▶ Work required
Give back exactly the lines from the one that holds "Zum Verkauf steht" through the final line of the data; omit the pictures and add nothing.

Collected data entries:
_ _ _ _ _

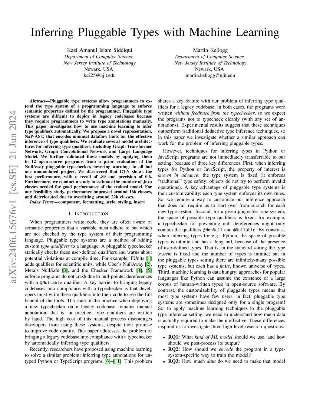 Pluggable type systems allow programmers to extend the type system of a programming language to enforce semantic properties defined by the programmer. Pluggable type systems are difficult to deploy in legacy codebases because they require programmers to write type annotations manually. This paper investigates how to use machine learning to infer type qualifiers automatically. We propose a novel representation, NaP-AST, that encodes minimal dataflow hints for the effective inference of type qualifiers. We evaluate several model architectures for inferring type qualifiers, including Graph Transformer Network, Graph Convolutional Network and Large Language Model. We further validated these models by applying them to 12 open-source programs from a prior evaluation of the NullAway pluggable typechecker, lowering warnings in all but one unannotated project. We discovered that GTN shows the best performance, with a recall of .89 and precision of 0.6. Furthermore, we conduct a study to estimate the number of Java classes needed for good performance of the trained model. For our feasibility study, performance improved around 16k classes, and deteriorated due to overfitting around 22k classes.
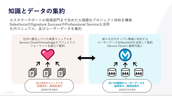 そしてデータ面では、散在していたマニュアルをSalesforceの「ナレッジオブジェクト」で集約。サイロ化している顧客情報は「MuleSoft」で統合し、「Service Cloud」につなげた。
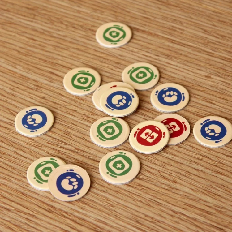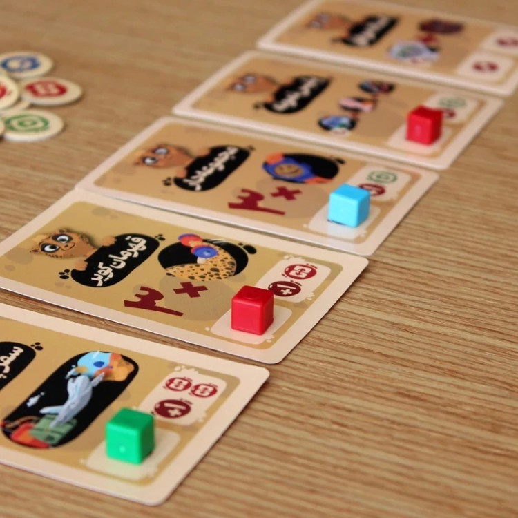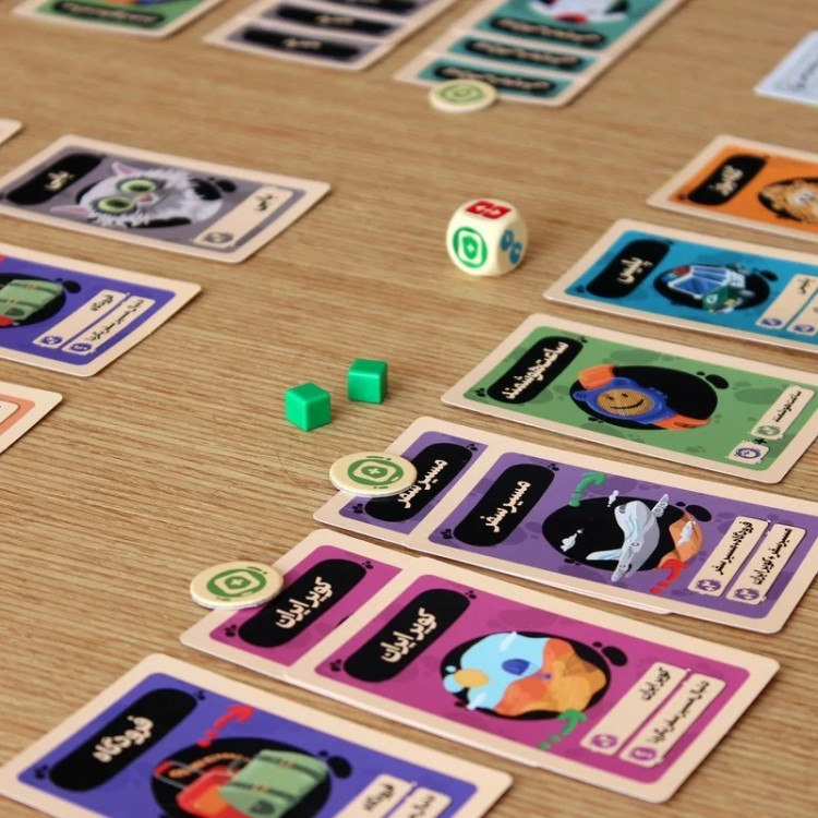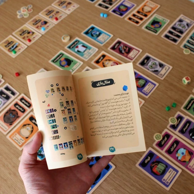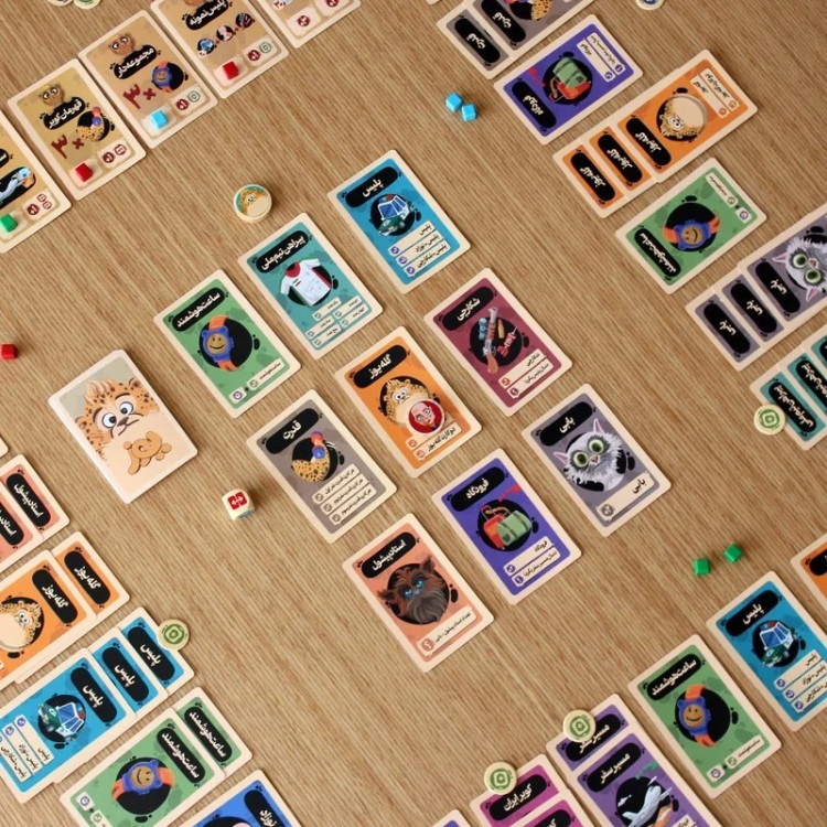 اقلام همراه: 60 کارت بازی - 4 کارت راهنما - 1 تاس - 12 مهره در چهار رنگ - 20 توکن در سه طرح - 1 دفترچه راهنما - 2 مهره چوبی مدی و یوز
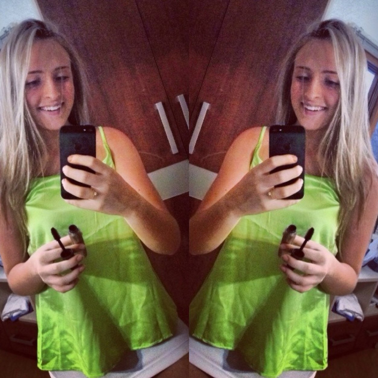 Tinha uma guria linda na loja com um estojo de make,demais
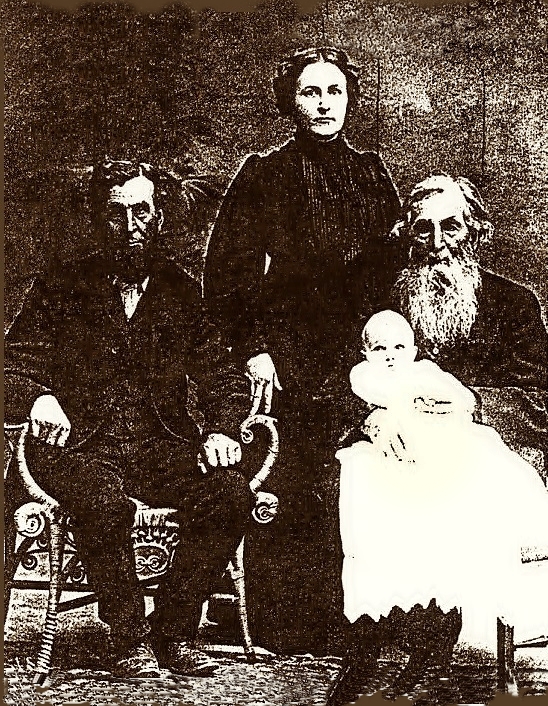 Photograph on left, William and Anna, with their children, Elstella and Emory, taken around 1890. On the right, seated on right, Benjamin Harrison Bushong with great grandson Donald Hill as a baby. Seated on the left is his son William Henry Bushong. Standing is granddaughter, Estella Mae Bushong Hill.
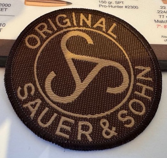 Zum Verkauf steht ein originaler Patch von Sauer & Sohn, zum Aufbügeln auf Kleidung, Caps, Taschen oder Schießausrüstung.
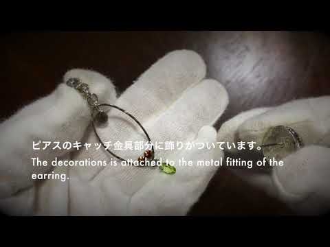 It is a pierced earring made from resin parts of "Vine Series" (White). We hung an elliptical hoop in the catch part. It was a combination of smoky quartz and peridot to match the hue of the resin. The position of the left and right stones is different. Since the decoration is attached to the catch part, it can also be worn simply by replacing it with a catch with nothing attached. Resin parts and metal parts are handmade.

_ _ _ _ _

▶ Expected output
 Zum Verkauf steht ein originaler Patch von Sauer & Sohn, zum Aufbügeln auf Kleidung, Caps, Taschen oder Schießausrüstung.
 It is a pierced earring made from resin parts of "Vine Series" (White). We hung an elliptical hoop in the catch part. It was a combination of smoky quartz and peridot to match the hue of the resin. The position of the left and right stones is different. Since the decoration is attached to the catch part, it can also be worn simply by replacing it with a catch with nothing attached. Resin parts and metal parts are handmade.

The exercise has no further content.